▶ _TASK DESCRIPTION_: Go through the listing below and write out exactly the lines from the one that mentions "フタを開けると、周りがくっつ" through the one that mentions "LOT: 42536444 VIN: 2LMDJ6JKXBBJ14865", minus the pictures.

[SOURCE DATA — start]

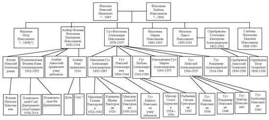 Family tree compiled by Oksana Rybakina, St. Petersburg, 1990.
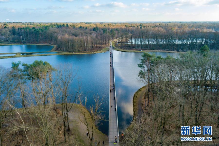 2月27日,人們在比利時小鎮(zhèn)波克萊克附近的“水中通道”中前行(無人機照片)。
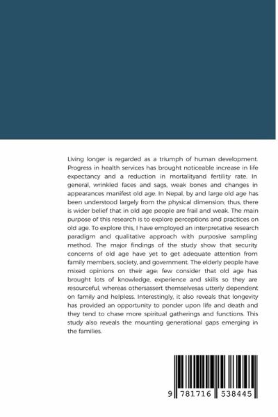 Living longer is regarded as a triumph of human development. Progress in health services has brought noticeable increase in life expectancy and a reduction in mortalityand fertility rate. In general, wrinkled faces and sags, weak bones and changes in appearances manifest old age. In Nepal, by and large old age has been understood largely from the physical dimension; thus, there is wider belief that in old age people are frail and weak. The main purpose of this research is to explore perceptions and practices on old age. To explore this, I have employed an interpretative research paradigm and qualitative approach with purposive sampling method. The major findings of the study show that security concerns of old age have yet to get adequate attention from family members, society, and government. The elderly people have mixed opinions on their age: few consider that old age has brought lots of knowledge, experience and skills so they are resourceful, whereas othersassert themselvesas utterly dependent on family and helpless. Interestingly, it also reveals that longevity has provided an opportunity to ponder upon life and death and they tend to chase more spiritual gatherings and functions. This study also reveals the mounting generational gaps emerging in the families.
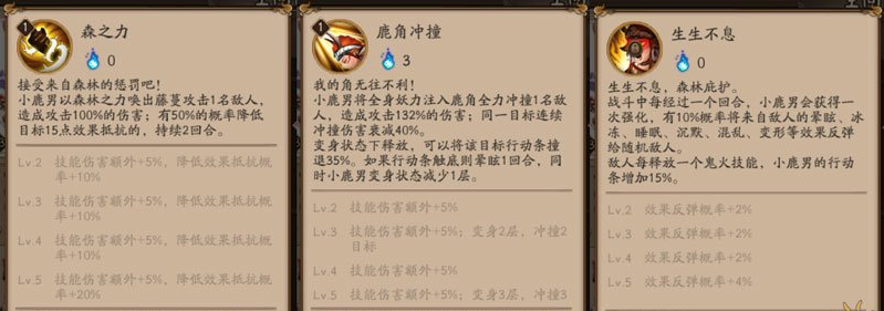 生生不息(觉醒后添加):战斗中每经过一个回合,小鹿男会获得一次强化,有20%概率将来自敌人的晕眩、冰冻、睡眠、沉默、混乱、变形等效果反弹给随机敌人。敌人每择放一个鬼火技能,小鹿男的行动条增加15%。
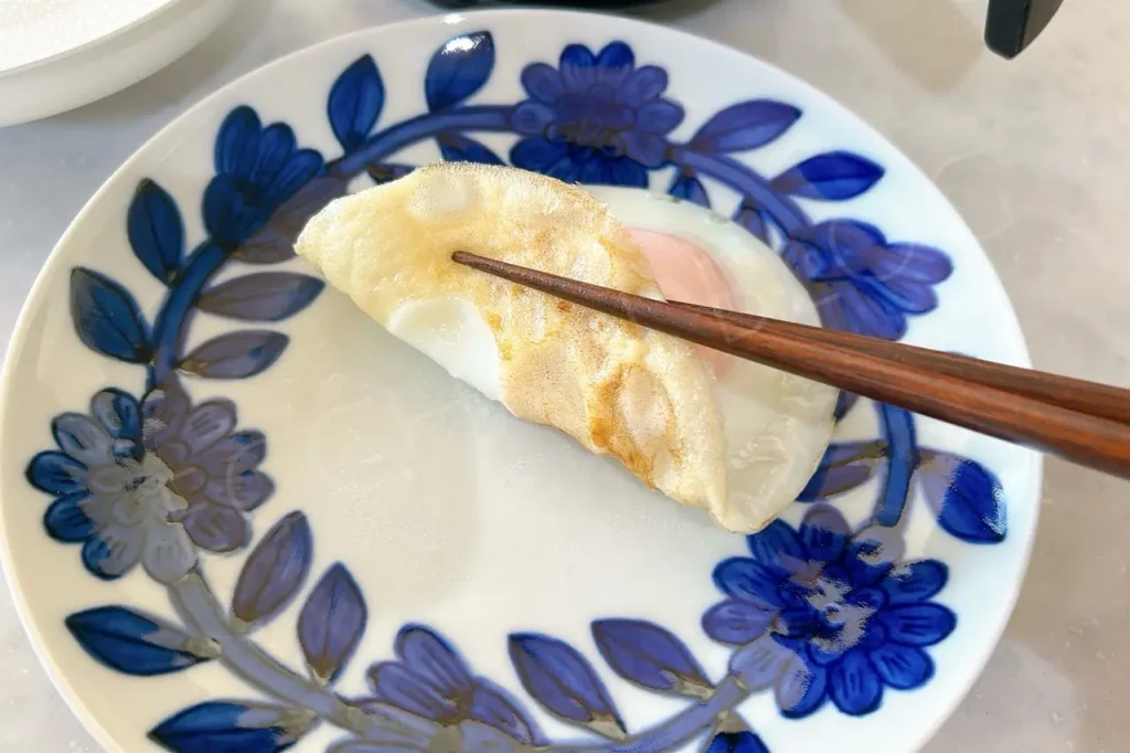 フタを開けると、周りがくっつかない程度に火が通っています。裏返して1分10秒、反対の面も焼いていきます。(熱いので裏返す時は注意!小さめのヘラみたいなのがあると裏返しやすい)
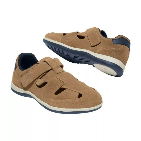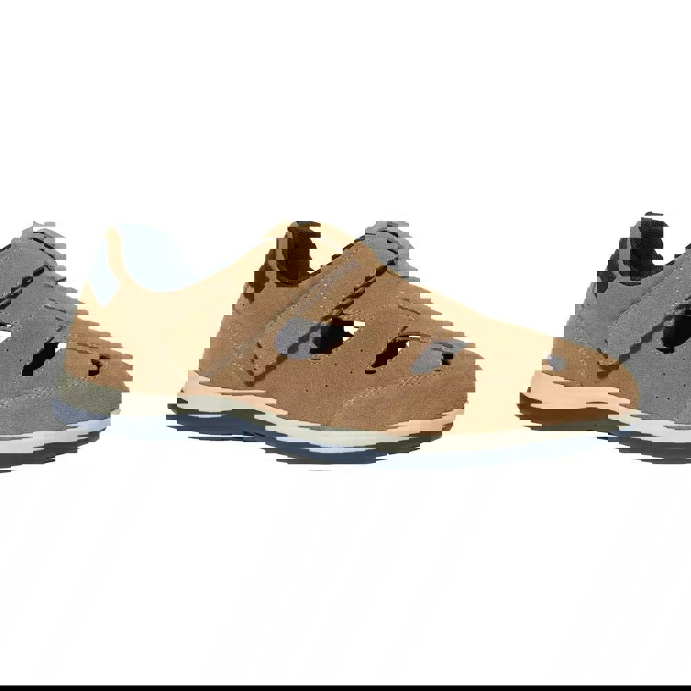 A round toe shape is paired with reinforced panels, perforation and a contrast heel. Underfoot, the two-tone TPR outsole has a gripped finish, and the hook and loop strap fastening keeps the style secure and easy to adjust.
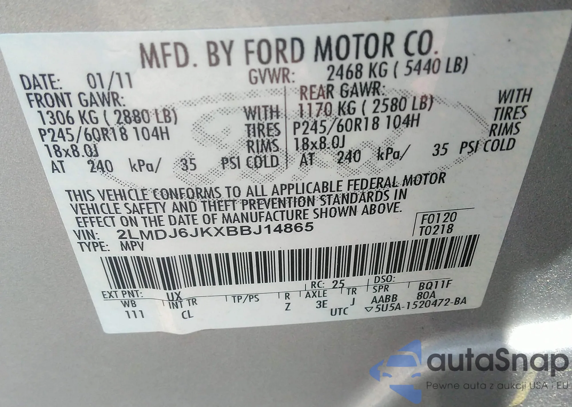 LOT: 42536444 VIN: 2LMDJ6JKXBBJ14865
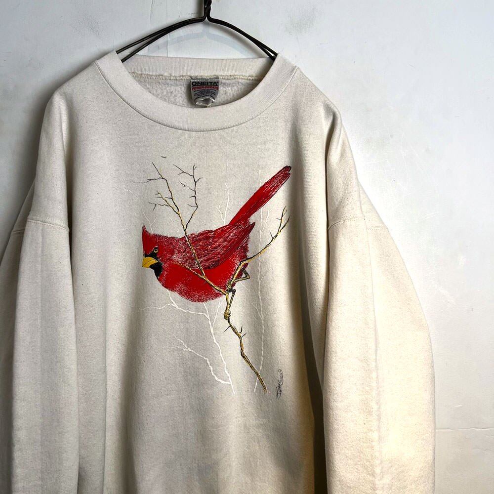 90s sweatshirt A red bird printed on a milky white color with a soft impression. Relaxed silhouette, vintage sweatshirt with a very good size
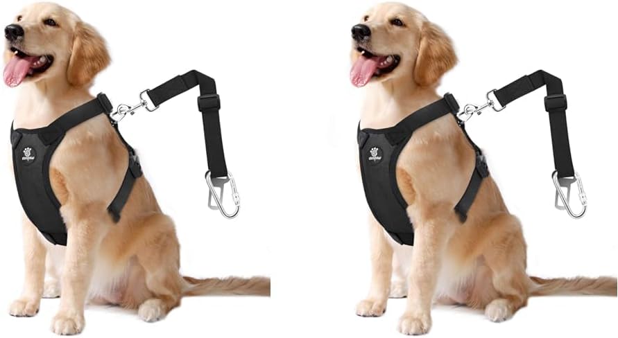 - EASY TO USE: After the pet wears it, hook one end of the safety belt with it and insert the other end into the safety belt socket. Equipped with a carabiner to better resolve the problem pf buckle’s compatibility, universal fit for the most of car models.
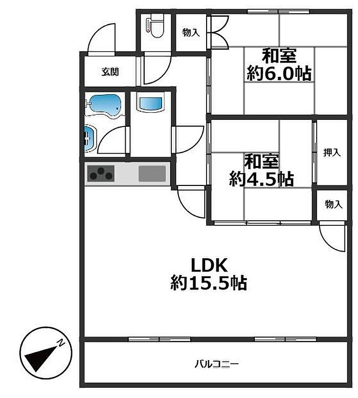 魚住コーポB 2LDK/4階
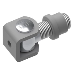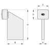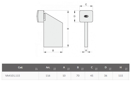 Battente di arresto a saldare - Articolo 116. Realizzato in acciaio zincato. Per portoni scorrevoli. Con tappo in plastica per smorzamento acustico. Fissaggio a saldatura. Dimensioni come da schema.
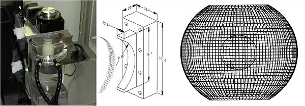 In order to capture sufficient thermoacoustic data to form an accurate 3D map of electromagnetic absorption, it is necessary to surround the anatomy being imaged with a 2D array of transducers. The world's first 3D thermoacoustic animal scanner (Fig. 8: left panel) accomplished this by combining a cylindrical array of 128 transducers (Fig. 8: center panel) with rotation of the animal being imaged about the vertical axis. The net result was to capture thermoacoustic data over the surface of a sphere surrounding the animal being imaged (Fig. 8: right panel).[21] This device was capable of visualizing structures as small as 1/3 millimeter. An animated 3D image of the vasculature in the head of a mouse is displayed in Fig. 9. This animated image was acquired using near infrared radiation at 800 nm, where optical absorption by blood is higher than surrounding tissues. Therefore, the vasculature is preferentially visualized. Microwaves have also been used to form 3D thermoacoustic images of the human breast. One of the first devices to do so is depicted in Fig. 10. It consisted of an array of eight waveguides, which directed microwave energy into the breast. A transducer array was rotated in synchrony with the waveguides in order to acquire sufficient data to reconstruct the internal structures of the breast. Figure 11 shows an animation of the typical glandular tissue pattern in a normal breast.
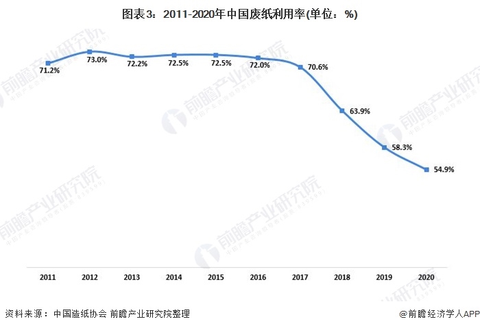 隨著我國紙類消費的逐年增加,中國對廢紙紙漿的需求也隨之擴大,導致廢紙供不應求。由于進口廢紙在價格和得漿率上的優(yōu)勢,中國較大規(guī)模的造紙企業(yè)都傾向于購買幾口廢紙,從而抑制了中國廢紙回收相關企業(yè)的發(fā)展。導致目前我國廢紙回收水平較低。
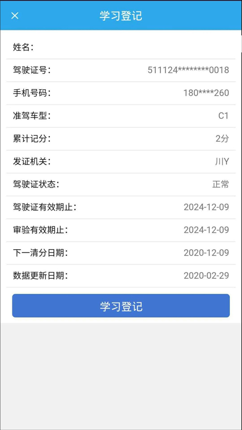 4、点击“学习登记”,查看个人信息。
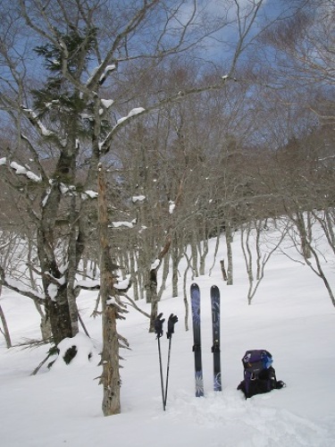 春の腐れ雪、今日は気持ちよく快適に滑り降りてきました。満足、満足・・。2週間ほど前にも山に登り、快適なダウンヒルだったんですが、雪質の変化でブレーキがかかり、クラッシュ!!前方に放り投げられてしまいました。手首にヒビ?数日間、副木をあてがわれ、包帯グルグル状態でした。 クラッシュしたのは、緩斜面でした。 急斜面なら・・連続小回りで いい感じでダウンヒルできますが、 緩斜面だと・・急斜面のような ターンをしていると止まってしまうので、 前へ前へと・・縦長の小回りを してしまいます。 気持ちも体も積極的に・・ 前へ前へ行っている時に 雪質変化で急ブレーキを かけられたら、結果は明らか。 ・・上体が前方へ飛びます。(^^ゞ久しぶりに好天だったので、スキーで山 ・・登ってきました。(しょうこりもなく・・)テレマークスキー・・です。メリハリをつけて・・生活設計。網張温泉スキー場の駐車場から登り始めます。ゲレンデを登ります。(もちろんリフトは動いていません)登山スタートが10:20 遅すぎます。せめて9:20なら・・。目的地到着は遅くても13時前にしたいところです。安全を考えて・・14時ぐらいには下山できるように。(遅くても最大15時)目的地は黒倉岳山頂ですが、スタートが遅すぎたので、とりあえず・・登り2時間で行けるところまで・・ということに。私より15分ほど前にスキーで登り始めた人がいます。カラフルなウエアで長身の人・・です。チラッと見た感じ、歩きが・・遅い。(なんだ・・? 極端に遅いな・・)後からスタートした私ですが、すぐに追いついてしまいました。長身だし、カラフルなウエアだし、ひょっとしたら外人かな・・?追い越し際に声をかけてみました。「どちらまで行かれるんですか?」「あ・・いや、2時間ぐらいで 行けるところまで・・ トレーニング・・です。」外人ではなくて日本人です。・・が、高齢者・・です。70代のおじいちゃん・・?(登るのが遅いわけだ・・)「今日は天気が良くていいですね~。」「ほんとに、いい天気ですね~。」と言いつつ、追い抜いていきました。見る見る内に差が広がります。第一リフト分を登り切って振り返ると・・おじいちゃん・・まだ半分も来ていません。う~~ん、おじいちゃんの2時間は、ゲレンデの中だけで終了・・だな。第2リフト分の苦しい急斜面を登り切れば、ウサギ平・・というところです。ここまでの目安は60分前後です。(今日は54分でした)あとはもう・・ダラダラ・・です。のんびり歩きます。第3リフト分を抜けて、ゲレンデの上へ突き抜けました。「やっと・・山に来た。」汗だく・・です。キャップのつばから汗がしたたり落ちます。ここから先は、360度のパノラマです。進行方向右側は、犬倉岳。この辺は風の通り道で、樹木が生きられず、一帯がササやぶ・・です。(雪があるから好きなルートを歩ける)進行方向左側は、三石山などの裏岩手連峰。パノラマ、パノラマ・・。360度のパノラマを眺めながら進みます。正面奥の真っ白い山が岩手山山頂。左の土が露出した山頂が、黒倉岳。(今日の目的地)この2つの山頂の間が大火口になっています。小さな池があります。真冬の大火口は、まさに神の領域・・。新雪・深雪の急斜面の滑降は・・極楽♪すべての音が雪に染み込みます。(真冬の話・・ですが)クリスマスツリーにいいですね。オオシラビソ・・といいます。これが厳冬期、モンスターになります。(またの名をアオモリトドマツ)ダケカンバ。今日は2時間でここまで・・でした。左の斜面が、姥倉岳の山腹。あまりにも暑かったので、フリースを脱いでTシャツだけに・・。以降の下山行動もダウンヒルも、Tシャツで快適に・・。春スキーの魅力です。若いころはTシャツではなく、上半身はハダカで、下半身はショートスパッツで、(簡単に言えば、海水浴スタイルで)山を滑り降りていました。おバカさん・・です。このだだっ広い斜面の上が姥倉岳山頂。なだれが怖い・・。さあ! 気持ち良くダウンヒル・・。 木々の間を滑り抜けます。ゲレンデに入ってきて、雪面の滑りの跡を見ると・・第2リフト終点のウサギ平から下の急斜面に、新たな小回りターンの跡がありました。 あの・・おじいちゃんだ。2時間かけてがんばって、ウサギ平まで登って来たんだ・・。登りはメチャクチャお年寄りだけど、滑りはひょっとして・・うまい?規則正しい小回りターンで急斜面を滑り降りています。素晴らしい! きちんとしたトレーニングだ。実は登りの雰囲気から・・ひょっとしたら途中で倒れたりしているかもしれないから、帰り道、気を付けて見て行こうなんて思っていましたが、杞憂でした。駐車場が見えるところまで滑って行ったら、もうすでにおじいちゃんの車はなくなっていました。(今ごろ・・温泉に?)でも・・よかった、よかった。以前クラッシュした場所は慎重に無事に通過して、最後・・駐車場に向かって降りる斜面の頭にでました。もうこのへんは雪が融けて、滑ら

[SOURCE DATA — finish]

▶ _EXERCISE OUTPUT_:
 フタを開けると、周りがくっつかない程度に火が通っています。裏返して1分10秒、反対の面も焼いていきます。(熱いので裏返す時は注意!小さめのヘラみたいなのがあると裏返しやすい)
 A round toe shape is paired with reinforced panels, perforation and a contrast heel. Underfoot, the two-tone TPR outsole has a gripped finish, and the hook and loop strap fastening keeps the style secure and easy to adjust.
 LOT: 42536444 VIN: 2LMDJ6JKXBBJ14865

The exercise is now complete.